The development of modern dance at the beginning of the 20th century evolved
from personal experiences, feelings, emotions and lives of the individual
choreographers who created and extended it.
Modern dance is rooted in “rebellion”.
Pushing the boundaries, defining and redefining the rules, dance being a medium
of personal expression is the “imperative” (a guiding principle) of modern dance.
One of the early icons of modern dance was Isadora Duncan, who first introduced
dance as an art form, and created the first modern dance language. The idea of
freedom is the core principle of dance she establishes.
Duncan’s dances included natural movements like walking, running, skipping,
gestures and flowing movements. She was also influenced by Greek culture and
art.
Another early American dancer of this period is Ruth St. Denis, whose works
often exotic, depicted an Oriental aesthetic. With her husband Ted Shawn they
formed their company, Denishawn. He later created an all male company with
themes of the heroic and virile male. (“Kinetic Molpai”)
Two students of St. Denis who went on to form their own companies are Martha
Graham and Doris Humphrey.
Graham represents the next generation of choreographers. Her choreography is
angular, hard edged, using the weight of the body with gravity, and built around
the principle of the breath through the contraction and release.
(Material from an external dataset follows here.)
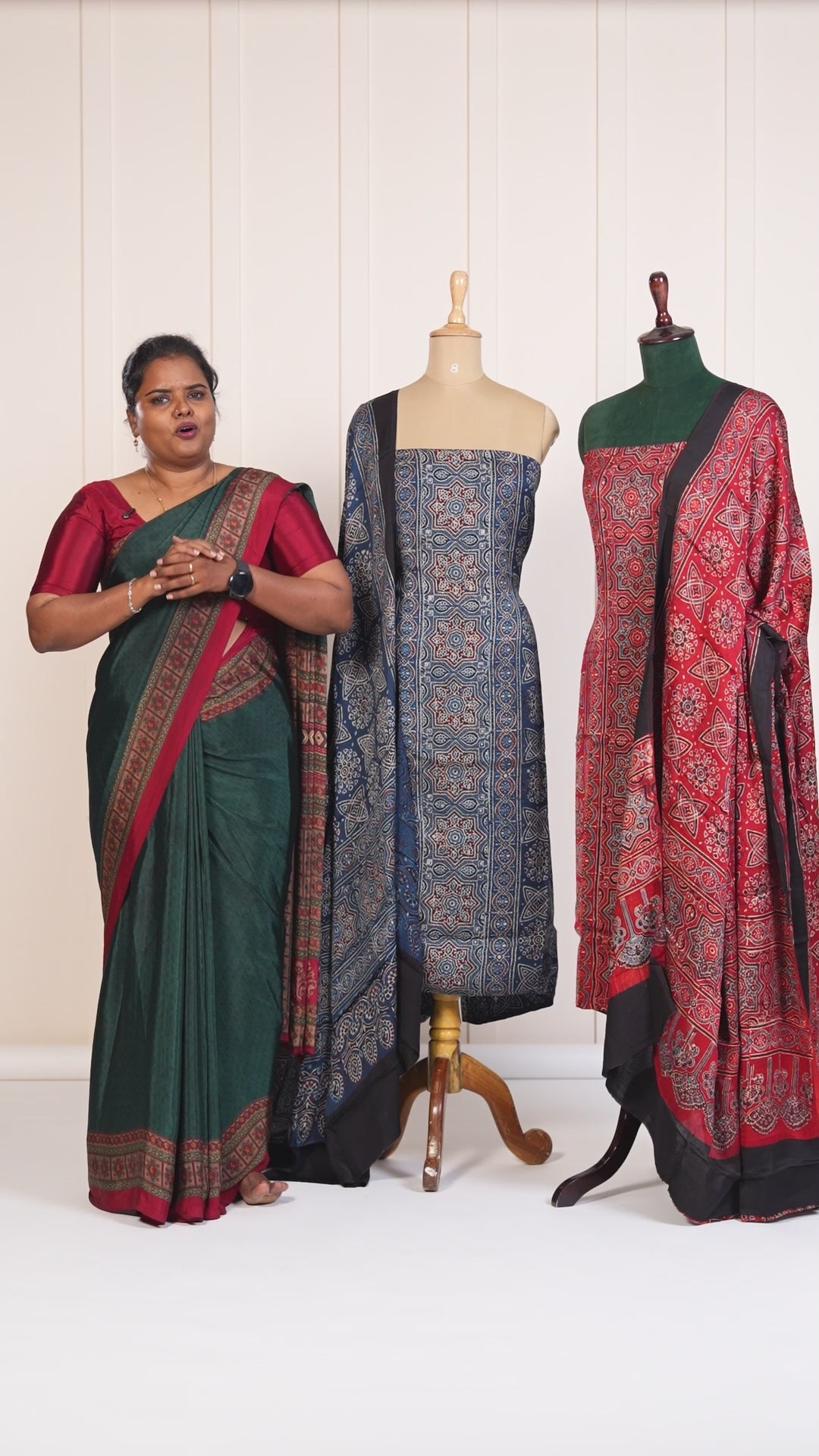 Black chudidhar material set pure modal hand block ajrack print top with plain pant & hand block print dupatta
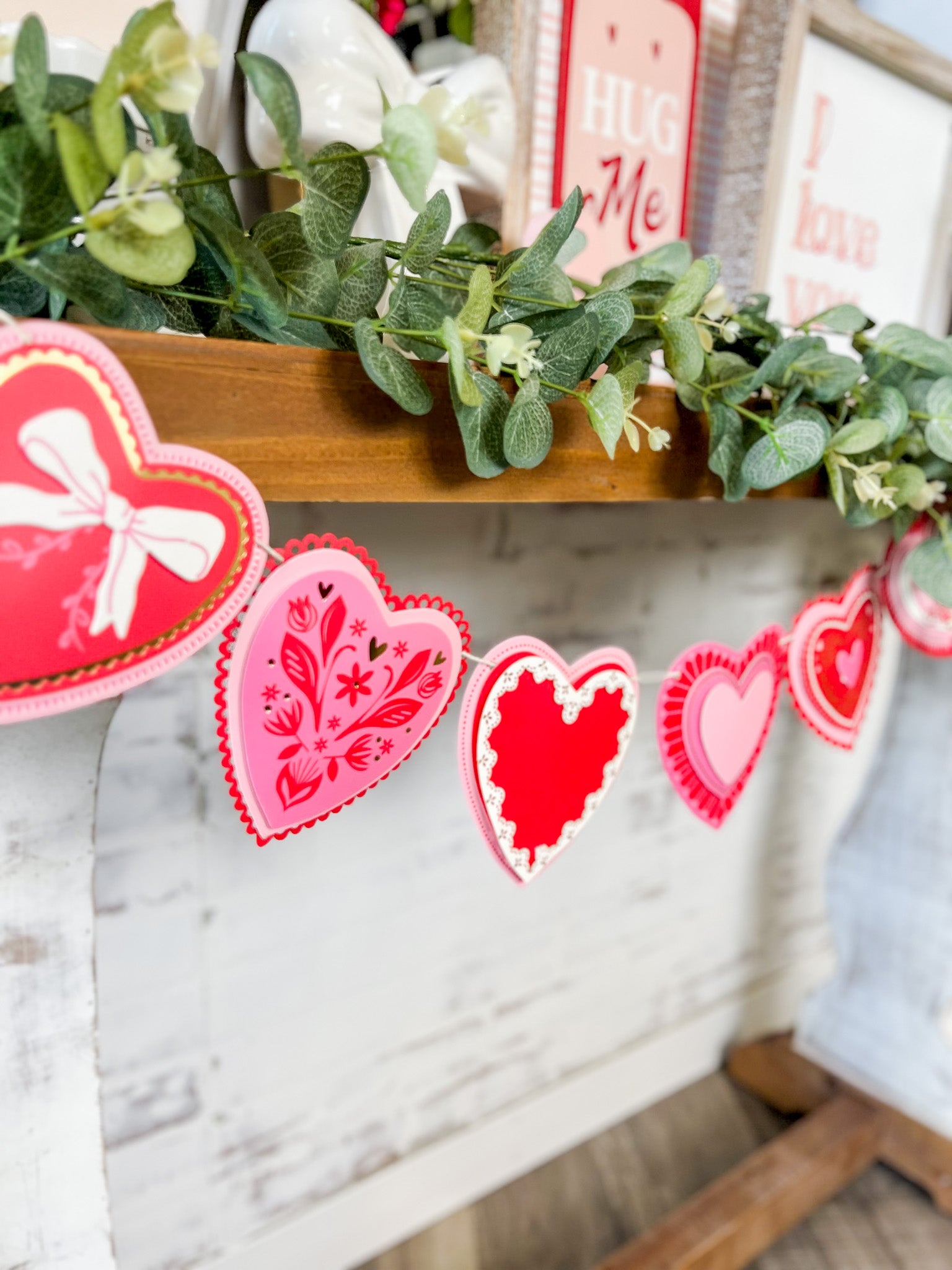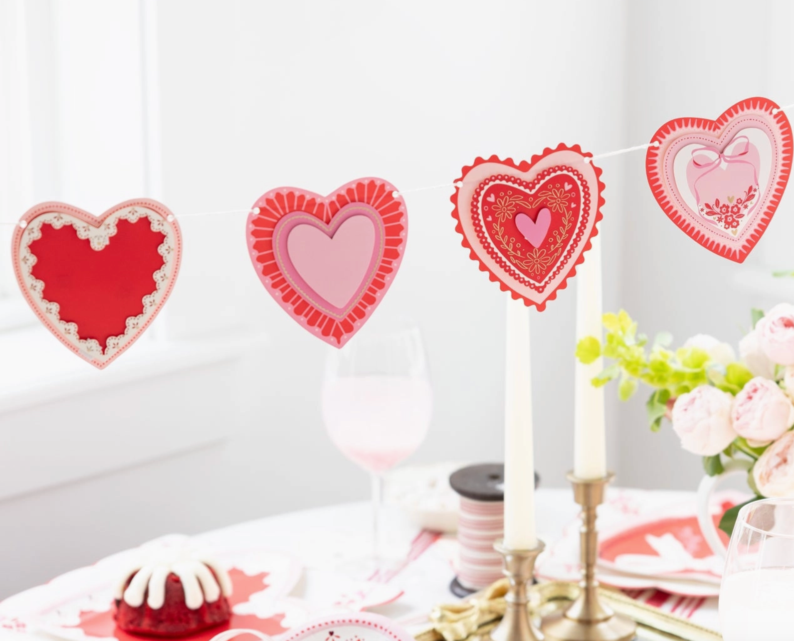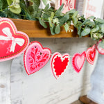 This layered heart banner adds instant warmth to mantels, tables and party spaces. Featuring soft pinks, reds and delicate details, it’s perfect for Valentine decorating, Galentine gatherings or any moment that calls for a little extra love.

She also developed the psychological dance drama using her own inner life as a
source for the universal themes of emotional conflict. Many next generation
dancers first danced with Graham’s company, including Merce Cunningham, Paul
Taylor and Eric Hawkins.
Doris Humphrey also created her own dance language and approach to
choreography based on the principle of fall and recover, working with breath and
suspension of lifting away from and giving into gravity. Humphrey mentored
next generation dancer Jose Limon.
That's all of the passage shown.